Sunday, March 14, 2010

The Fine Line Between Genius and Insanity

Recently a friend of mine mentioned that he thought Walt Whitman was brilliant, a genius even, but that he may have been a tad crazy too. I considered this notion for a moment and begin to think of other great artists, poets, writers, etc. What about Sylvia Plath, Edgar Allan Poe, Albert Einstein, Leonardo DaVinci, Dali? The list could go on for quite some time. The point is, all of these people are brilliant. I mean truly brilliant, not in the sense of simply being intelligent, but their intellect and capacity to obtain knowledge and understand concepts and theories is so far beyond what the average person is able to comprehend.
So often, people with this sort of mind, although occasionally praised and revered, are often rather shunned from society. "Normal" people cannot understand the brilliant ones. They do not typically "fit in" at usual social functions, and their conversations are beyond average to say the least. To most people though, that is simply frustrating, weird, and crazy.

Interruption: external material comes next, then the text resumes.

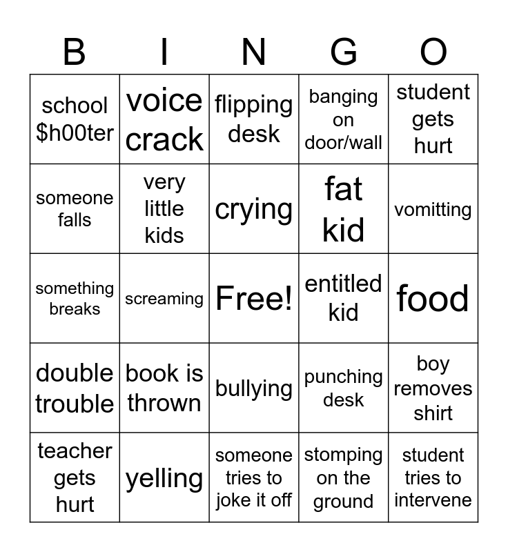 This bingo card has a free space and 24 words: book is thrown, yelling, crying, teacher gets hurt, student gets hurt, school $h00ter, someone falls, voice crack, entitled kid, bullying, fat kid, something breaks, punching desk, boy removes shirt, very little kids, stomping on the ground, food, flipping desk, vomitting, screaming, student tries to intervene, double trouble, banging on door/wall and someone tries to joke it off.

I have a theory on this though. First of all, I believe average people say a genius is crazy because it's a simple explanation, one that requires no real backup, and it is easily dismissed in conversation and people simply carry on as they were. I think though that the real reason these people are labeled as "crazy" is because they have the courage to bring to life thoughts and ideas and beliefs that other people only dare to think of in the darkest caverns of their minds. If everyone were honest about what they really thought, wouldn't we all be a little bit crazy too?